Mon Aug 15 16:54:52 2022
±----------------------------------------------------------------------------+
| NVIDIA-SMI 510.85.02 Driver Version: 510.85.02 CUDA Version: 11.6 |
|-------------------------------±---------------------±---------------------+
| GPU Name Persistence-M| Bus-Id Disp.A | Volatile Uncorr. ECC |
| Fan Temp Perf Pwr:Usage/Cap| Memory-Usage | GPU-Util Compute M. |
| | | MIG M. |
|===============================+======================+======================|
| 0 NVIDIA GeForce … Off | 00000000:65:00.0 On | N/A |
| 30% 36C P8 32W / 350W | 2102MiB / 24576MiB | 13% Default |
| | | N/A |
±------------------------------±---------------------±---------------------+

±----------------------------------------------------------------------------+
| Processes: |
| GPU GI CI PID Type Process name GPU Memory |
| ID ID Usage |
|=============================================================================|
| 0 N/A N/A 1564 G /usr/lib/xorg/Xorg 754MiB |
| 0 N/A N/A 1948 G /usr/bin/gnome-shell 313MiB |
| 0 N/A N/A 4692 G /usr/lib/firefox/firefox 1031MiB |
±----------------------------------------------------------------------------+

And the error reports asking for 16GB

I’ve tried with batch size of 1 on the spec file, and I get the same memory problem.
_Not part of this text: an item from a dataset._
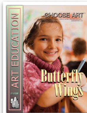
The three programs in Series I

The structural foundation for each program is built around the elements of art : line, shape, color, texture, space, form, and pattern . These seven elements are explored in different ways in each of the programs so that none of the three

Howerver, tao evaluate completes with no issues on the model being exported:

!tao unet evaluate --gpu_index=$GPU_INDEX -e $SPECS_DIR/unet_retrain_vgg_6S1100.txt \
                 -m $USER_EXPERIMENT_DIR/retrain/weights/model_retrained.tlt \
                 -o $USER_EXPERIMENT_DIR/retrain/ \
                 -k $KEY

produces this output:
evaluateAfterRetraining.log (15.7 KB)

Working backwards (last command first):

The evaluate command that produces the error is:

!tao unet evaluate --gpu_index=$GPU_INDEX -e $SPECS_DIR/unet_retrain_vgg_6S1100.txt  \
                 -m $USER_EXPERIMENT_DIR/export/tao.fp32_6s03.engine  \
                 -o $USER_EXPERIMENT_DIR/export/ \
                 -k $KEY

The detailed output of that is:
evaluateEngine.log (15.7 KB)

The engine tao.fp32_6s03.engine was created running:

!tao unet export --gpu_index=$GPU_INDEX -m $USER_EXPERIMENT_DIR/retrain/weights/model_retrained.tlt \
               -k $KEY \
               -e $SPECS_DIR/unet_retrain_vgg_6S1100.txt  \
               -o $USER_EXPERIMENT_DIR/export/tao.fp32_6s03.etlt \
               --data_type fp32 \
               --engine_file $USER_EXPERIMENT_DIR/export/tao.fp32_6s03.engine \
               --max_batch_size 3 

And the detailed output of the export is:
export.log (15.0 KB)

Continuing backwards, the model model_retrained.tlt was created with the retrain command after pruning:

The retrain command is:

!tao unet train --gpus=1 --gpu_index=$GPU_INDEX \
              -e $SPECS_DIR/unet_retrain_vgg_6S1100.txt \
              -r $USER_EXPERIMENT_DIR/retrain \
              -m $USER_EXPERIMENT_DIR/pruned/model_pruned.tlt \
              -n model_retrained \
              -k $KEY

The output of that is here:
retrain.log (108.3 KB)

The prune command is

!tao unet prune   -e $SPECS_DIR/unet_train_vgg_6S900.txt \
                  -m $USER_EXPERIMENT_DIR/unpruned/weights/model.tlt \
                  -o $USER_EXPERIMENT_DIR/pruned/model_pruned.tlt \
                  -eq union \
                  -pth 0.6 \
                  -k $KEY

An the prune output:
prune.log (41.4 KB)

The train command is:

!tao unet train --gpus=1 --gpu_index=$GPU_INDEX \
              -e $SPECS_DIR/unet_train_vgg_6S900.txt \
              -r $USER_EXPERIMENT_DIR/unpruned \
              -m $USER_EXPERIMENT_DIR/pretrained_vgg16/vgg_16.hdf5  \
              -n model \
              -k $KEY 

The training specs:
unet_train_vgg_6S900.txt (1.5 KB)

The output of the train command:
train.log (171.8 KB)

Thanks!!

After some research added the undocumented option

–batch_size 1

And that solved it

This topic was automatically closed 14 days after the last reply. New replies are no longer allowed.